→ **MATERIAL FOR THIS TASK**
══════

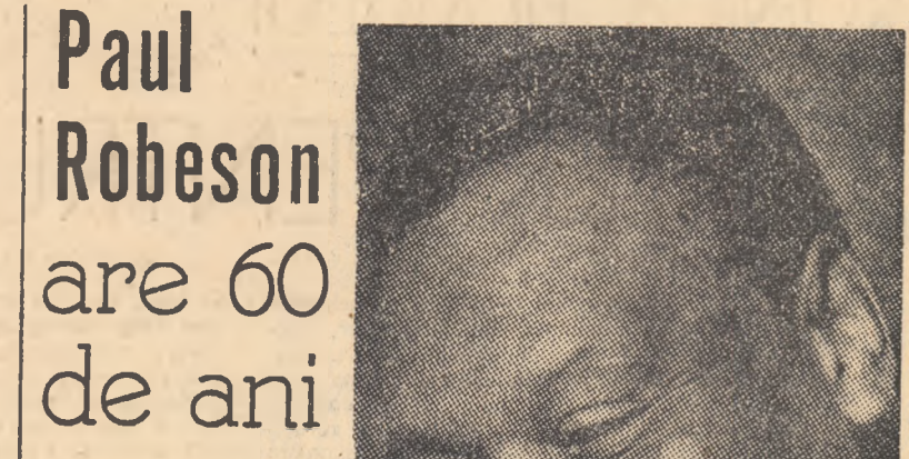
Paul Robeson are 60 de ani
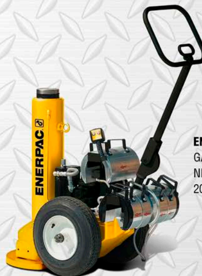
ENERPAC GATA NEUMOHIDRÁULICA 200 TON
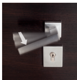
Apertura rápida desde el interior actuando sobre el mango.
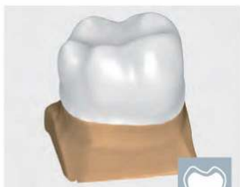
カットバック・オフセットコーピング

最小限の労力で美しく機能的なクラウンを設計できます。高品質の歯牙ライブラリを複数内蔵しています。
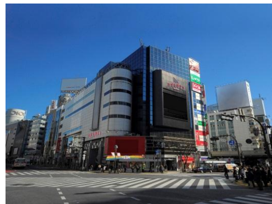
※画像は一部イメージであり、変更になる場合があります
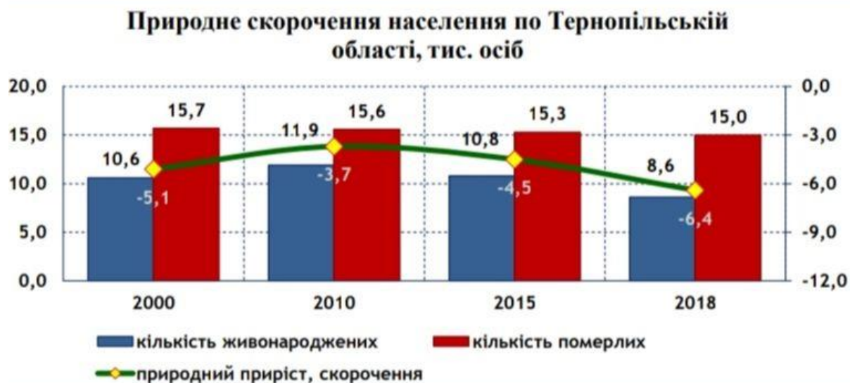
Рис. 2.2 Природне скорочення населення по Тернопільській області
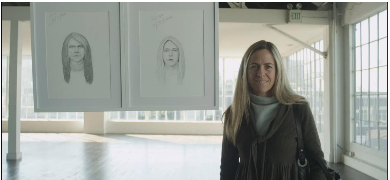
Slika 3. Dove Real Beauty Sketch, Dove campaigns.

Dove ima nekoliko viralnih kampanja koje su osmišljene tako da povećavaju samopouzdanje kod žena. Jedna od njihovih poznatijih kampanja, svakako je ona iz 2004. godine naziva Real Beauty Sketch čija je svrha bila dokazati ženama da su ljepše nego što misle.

══════

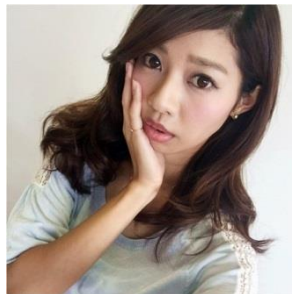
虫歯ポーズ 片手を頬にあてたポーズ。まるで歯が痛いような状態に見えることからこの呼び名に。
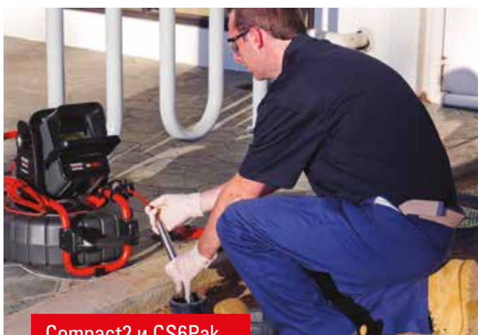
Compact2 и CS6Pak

══════

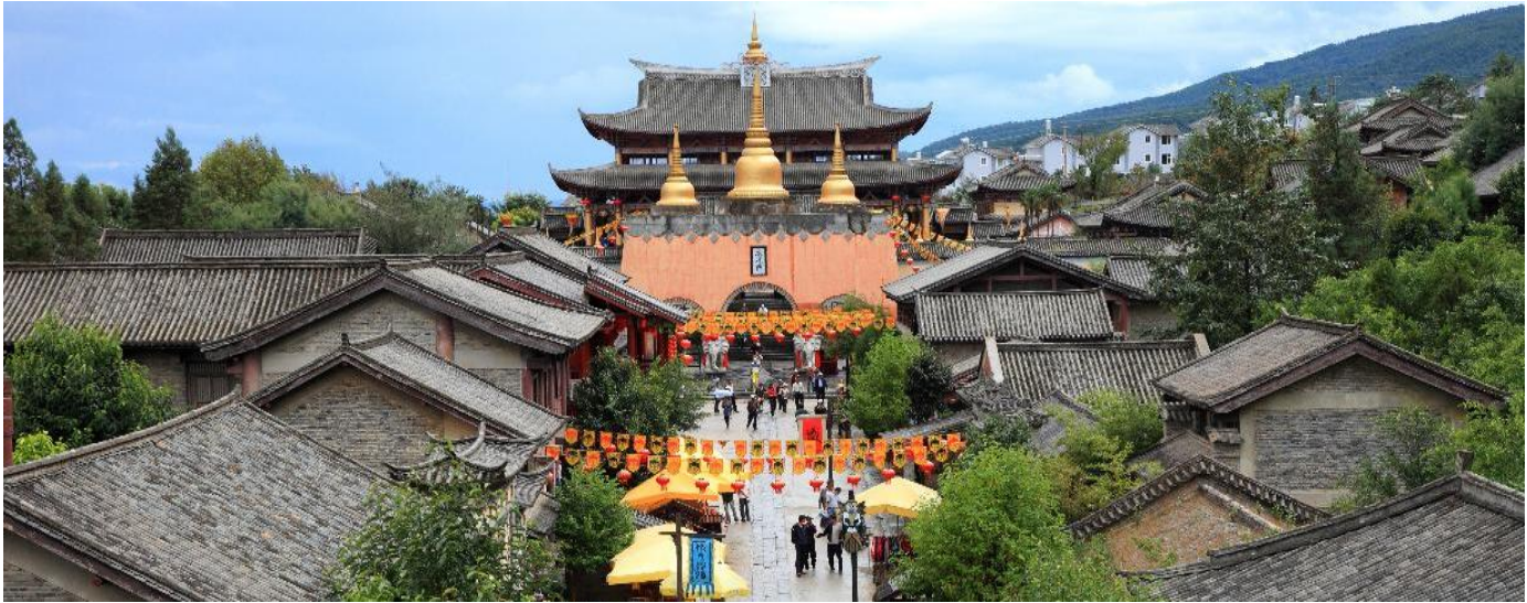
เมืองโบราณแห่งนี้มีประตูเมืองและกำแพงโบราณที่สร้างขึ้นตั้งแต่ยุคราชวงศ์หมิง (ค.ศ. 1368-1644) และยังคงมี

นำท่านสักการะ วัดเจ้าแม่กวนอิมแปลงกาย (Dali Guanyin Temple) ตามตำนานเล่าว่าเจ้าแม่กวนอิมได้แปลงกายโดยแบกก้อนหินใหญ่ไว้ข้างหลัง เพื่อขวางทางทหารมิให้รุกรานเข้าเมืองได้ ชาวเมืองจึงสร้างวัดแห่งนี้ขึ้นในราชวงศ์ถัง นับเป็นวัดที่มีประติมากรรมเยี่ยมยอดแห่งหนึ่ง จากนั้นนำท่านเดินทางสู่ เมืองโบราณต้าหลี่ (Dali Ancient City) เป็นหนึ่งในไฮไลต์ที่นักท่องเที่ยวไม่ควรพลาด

══════

→ **EXERCISE GOAL**
Reproduce the lines above starting at the one with "Apertura rápida desde" and ending at the one with "Dove ima nekoliko", both included, exactly and with no pictures.

→ **TASK SOLUTION**
Apertura rápida desde el interior actuando sobre el mango.
カットバック・オフセットコーピング

最小限の労力で美しく機能的なクラウンを設計できます。高品質の歯牙ライブラリを複数内蔵しています。
※画像は一部イメージであり、変更になる場合があります
Рис. 2.2 Природне скорочення населення по Тернопільській області
Slika 3. Dove Real Beauty Sketch, Dove campaigns.

Dove ima nekoliko viralnih kampanja koje su osmišljene tako da povećavaju samopouzdanje kod žena. Jedna od njihovih poznatijih kampanja, svakako je ona iz 2004. godine naziva Real Beauty Sketch čija je svrha bila dokazati ženama da su ljepše nego što misle.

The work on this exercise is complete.